JAKARTA, investortrust.id – PT Indo Premier Investment Management (IPIM) meluncurkan Exchange Traded Fund (ETF) terbaru, yakni Reksa Dana Indeks Premier ETF IDX-PEFINDO Prime Bank (XIPB). XIPB menjadi ETF ke-15 yang dikelola oleh IPIM dan ETF ke-44 yang tercatat di Bursa Efek Indonesia (BEI).

“Produk ini semakin melengkapi ekosistem ETF IPIM yang terus berkembang untuk memberikan solusi investasi inovatif dan kompetitif bagi investor,” ujar Direktur Indo Premier Investment Management Suwito Haryatno di Gedung BEI, Jumat (28/2/2025).

Dalam 10 tahun terakhir, reksa dana indeks dan ETF mengalami pertumbuhan rata-rata total dana kelolaan tahunan mencapai 28,9% dalam 2014–2024. Saat ini, IPIM mengelola sekitar 65% total dana kelolaan ETF saham di Indonesia.

Baca Juga

201 Produk Reksa Dana dari 39 Manajer Investasi Sabet Penghargaan di Best Mutual Fund Awards 2025

Suwito meyakini, sektor perbankan Indonesia memiliki fundamental kuat dengan kontribusi laba sektor perbankan yang mencapai 47% dari total laba emiten di Bursa Efek Indonesia (BEI). Sedangkan kapitalisasi pasar sektor perbankan sebesar 27,05% dari kapitalisasi pasar BEI. Hal ini menjadikan sektor perbankan sebagai penggerak utama kinerja IHSG.

“XIPB berfokus pada konstituen saham sektor perbankan yang memiliki peringkat investment grade, likuiditas transaksi tinggi, serta kinerja keuangan yang solid,” klaim Suwito.

Metodologi pemilihan konstituen XIPB mempertimbangkan peringkat, kapasitas bersaing, kapitalisasi pasar, likuiditas, serta valuasi saham.
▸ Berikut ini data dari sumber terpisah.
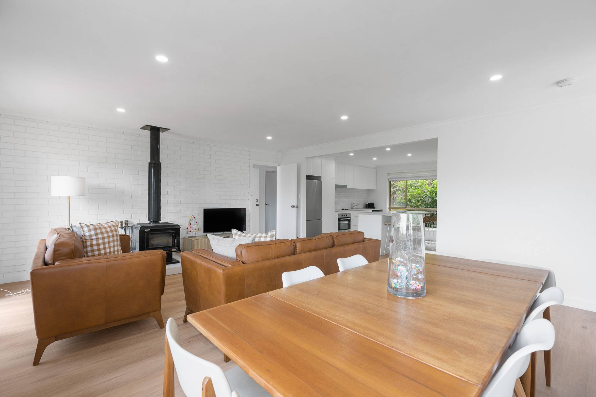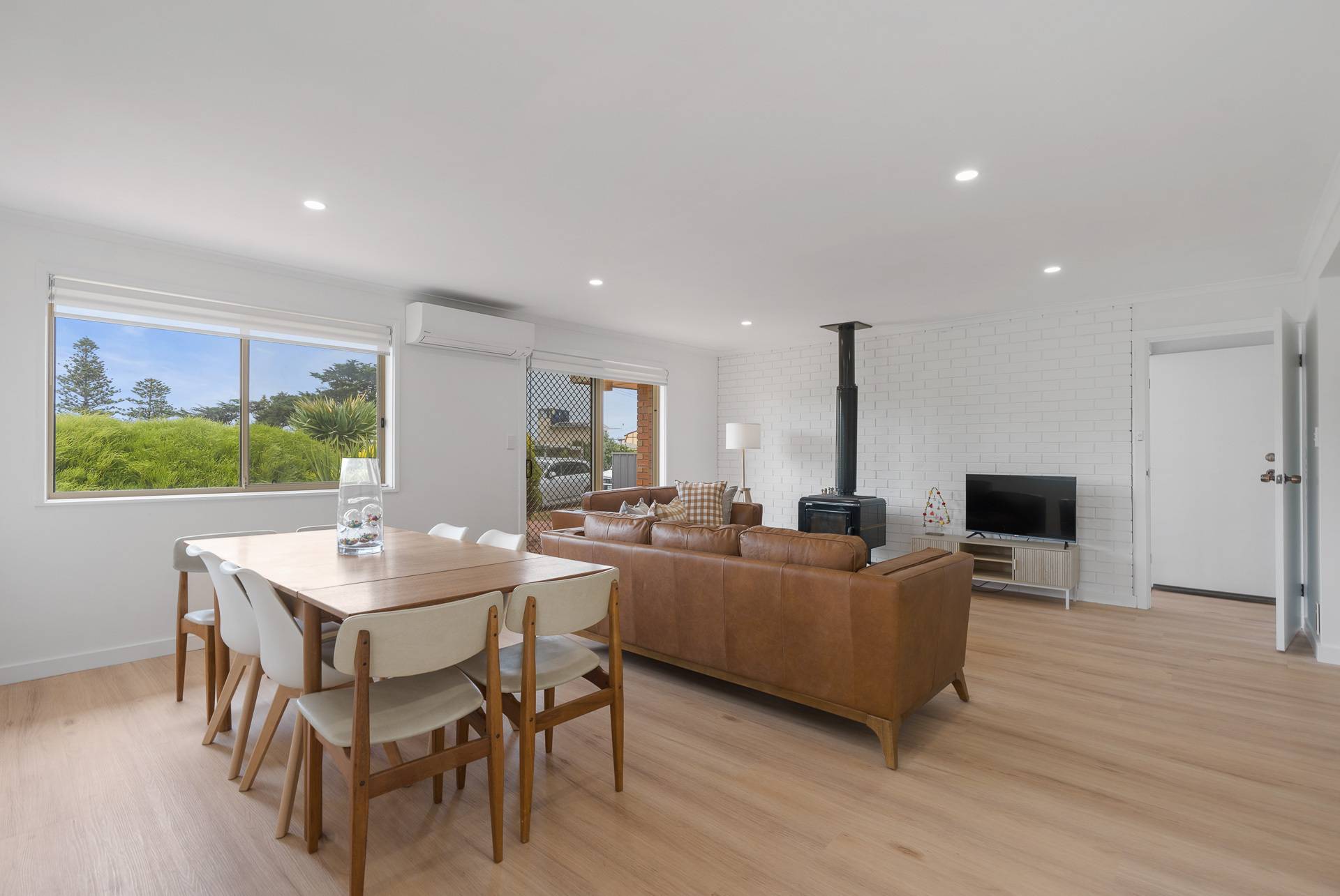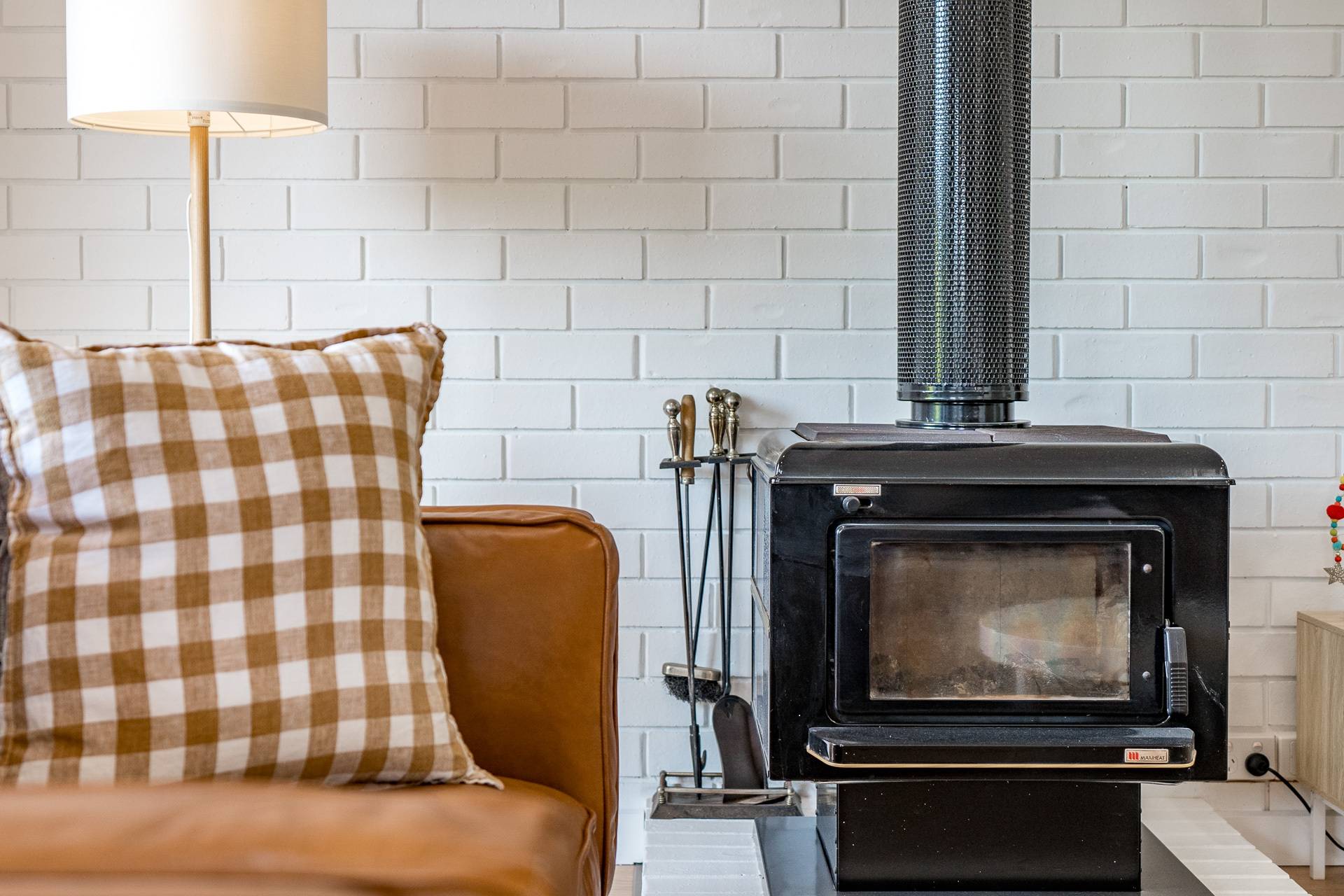 The open-plan kitchen, dining, and living area is the heart of the home, featuring a beautiful exposed brick wall with a cozy combustion fireplace. The newly renovated kitchen is well-equipped with ample cabinet storage, plenty of bench space for cooking or entertaining, electric appliances and ceiling fan.

Hal ini menjadikan XIPB sebagai pilihan investasi bagi investor yang ingin mendapatkan manfaat investasi pada sektor perbankan.

Backtesting kinerja portofolio XIPB menunjukan imbal hasil di atas indeks sektor keuangan, termasuk Indeks Infobank15 dan IHSG sejak tanggal dasar 3 Januari 2017.

Baca Juga

Reksa Dana Pendapatan Tetap Jadi Primadona Seiring Pertumbuhan Ekonomi 8%

“Dengan demikian, investor dapat menyesuaikan porsi portofolio bertema sektor perbankan secara cepat dan mudah, baik melalui strategi tactical asset allocation maupun buy and hold strategy,” sambung Suwito.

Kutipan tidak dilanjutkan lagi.